Mets pitcher Max Scherzer throws against the Tigers in the...

Mets pitcher Max Scherzer throws against the Tigers in the first inning during the second game of a doubleheader on Wednesday in Detroit. Credit: AP/Paul Sancya

CINCINNATI — For Max Scherzer, a literal bump in the road was a sign that he had hit another metaphorical one, too.

He couldn’t move his neck upon waking up Monday, limiting his ability to complete other basic daily tasks. When he drove to Citi Field that morning, for example, and experienced pain every time the car went over even a small pothole, he knew he was in trouble.

Because of “a bad neck spasm,” as he described it, the Mets scratched Scherzer from his scheduled start against the Reds on Tuesday, calling up lefthander David Peterson from Triple-A Syracuse to pitch in his place.

Scherzer, a veteran of this specific issue, which also caused him to miss a World Series game in 2019, was confident he’d miss only a couple of days and would pitch during this weeklong road trip. Manager Buck Showalter said he could take the mound as soon as Thursday.

But the series opener at Great American Ball Park was not an option.

“Once it locks, it takes a few days to get it to unlock,” Scherzer said. “I wish I could pitch. But this thing, when it’s locked up, you can’t do a thing until it subsides.

“I’ve tried being in this state where you just take Toradol [a strong painkiller] and you go, you rip it up. You’ll strain your neck and then you’re definitely on the IL.


“There’s really nothing you can do for it other than rest, take some anti-inflammatories and go. It’s going to be a couple of days, but that’s the good news: It’s only going to be a couple of days.”

With his stop-and-start season stopped again, Scherzer still hasn’t been able to get into a regular routine, a set of circumstances that bothered him more than this latest physical hiccup. He has a 5.56 ERA in five starts. Over the past four weeks, he has tossed just 6 1/3 innings, limited by a back issue, a 10-game foreign substance suspension and now the neck problem.

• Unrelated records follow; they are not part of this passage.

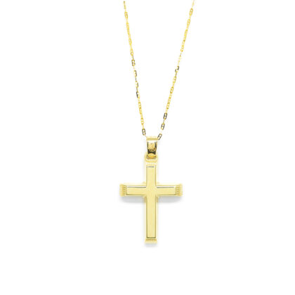 Σταυρός από κίτρινο χρυσό 14k με αλυσίδα.Πακέτο βάπτισης
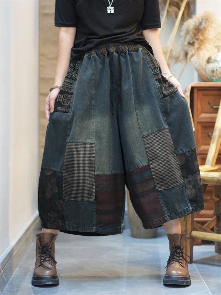 Pantaloni harem in denim con patchwork floreale retrò da donna
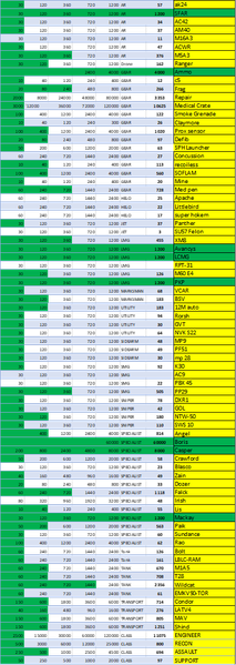 Current state below - at the moment looking at T1 for wildcat and sticking with the XM8 where I can until I get T1. I know that I should rank up the weapons against bots, but it is so boring (I hear you - not as boring as tracking with a spreadsheet eh?)
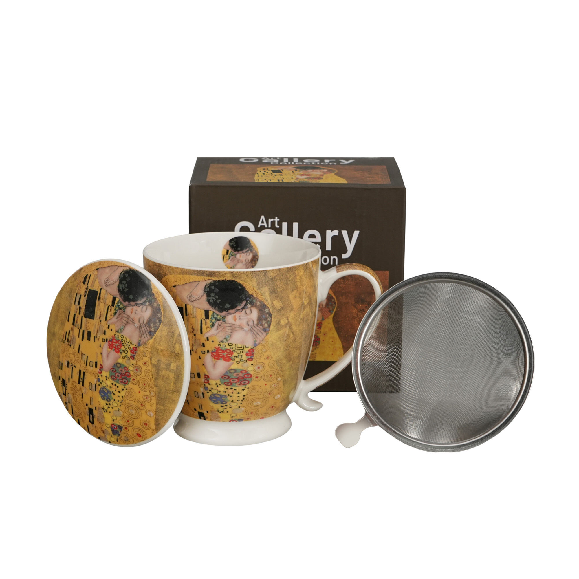 Kubek z zaparzaczem na stopce KISS CLASSIC inspired by G.Klimt wchodzący w skład serii Art Gallery, wykonany z porcelany New Bone China, charakteryzującej się elegancką i naturalną kremowo - białą barwą z delikatnym połyskiem, a także wyjątkową wytrzymałością.Doskonały do przyrządzania ulubionych...
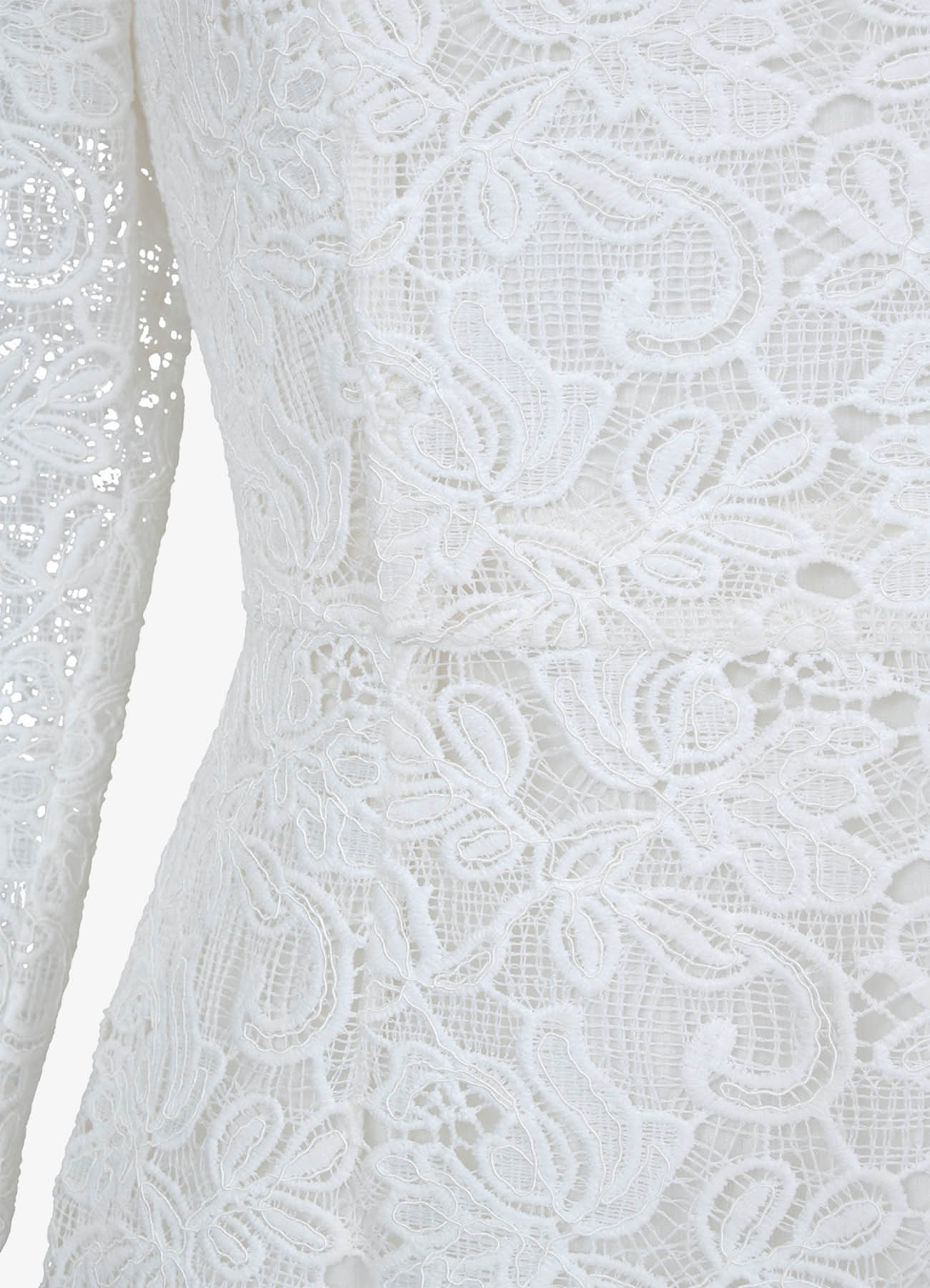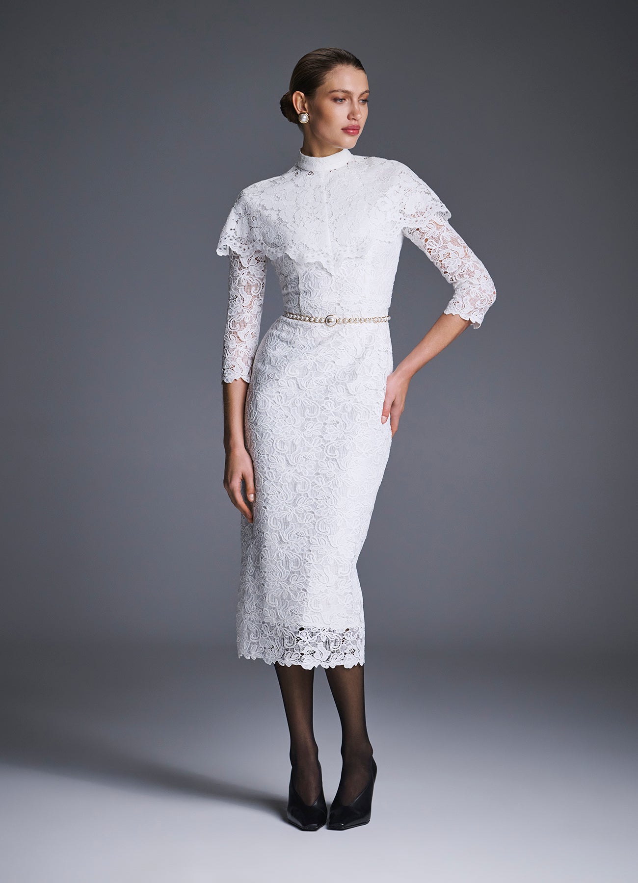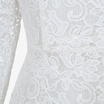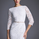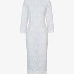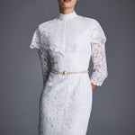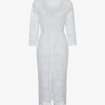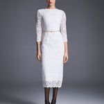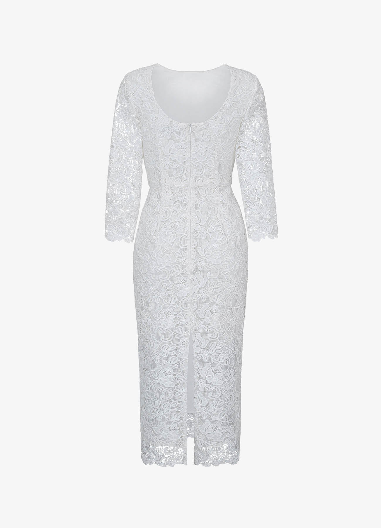 Платье-футляр "Морозко" из изящного молочного кружева длины миди, напоминающего морозные узоры. Спереди — лаконичный вырез горловины в форме лодочки, на спинке — изысканный углублённый вырез. Рукава длиной 3/4 и низ юбки оформлены фестончатым краем, который подчёркивает фактуру кружева. Дополните платье украшениями из коллекции. На подкладке.

“I’m not frustrated with this,” he said. “I can look everybody in the eye and say I didn’t do anything to jeopardize this, to make this come about. I was doing everything to have it not be like this. If I’m frustrated about this, it’s because of how I’ve pitched. I just want to get out there and pitch and pitch well and get over this and get going on this year.”

Scherzer, 38, is up to at least four physical issues over the past year. He twice hurt his oblique last season. In recent weeks, he has dealt with discomfort in the muscles surrounding his right scapula, which he believed he had gotten past and was looking forward to testing against the Reds. But then the neck problem popped up again.

Neck issues are not new for Scherzer, who spent 10 days on the IL in 2017 with inflammation in his neck. He also was scratched from Game 5 of the 2019 World Series because of neck spasms; he pitched three days later in Game 7. His most recent neck spasm prior to this came in the offseason, he said, a time of year when it didn’t really affect his work.

He felt it coming on again Sunday afternoon but thought he had attacked it properly via dry needling.

“Usually, if I can get in front of it, it doesn’t blow on me,” he said. “I did that, went to bed. I knew: Don’t pick up the kids, don’t do anything like that. I just went home, laid on the couch and went to bed. When I woke up, it was locked.

“There’s literally zero regret. There’s no second-guessing of anything I’ve done. It just happened.”

Is the latest neck spasm related to the back problem?

“That’s a fair logic thing,” he said. “But at the same time, I’ve gotten neck spasms without having a scap injury. So it’s tough to sit there and say that this is directly related to the scap, although we are dealing with something on the right side. So I can’t sit here and say one way or another.”

To make room on the roster for Peterson, the Mets put reliever Jimmy Yacabonis on the 15-day injured list with what they called a left quad strain. That was fortunate in a way for the Mets, who without an IL move would not have been able to bring Peterson back from the minors until Sunday.

“If I told you every little thing they were dealing with every day,” Showalter said, “I could find a reason to IL just about anybody in there if you wanted to go really deep into it.”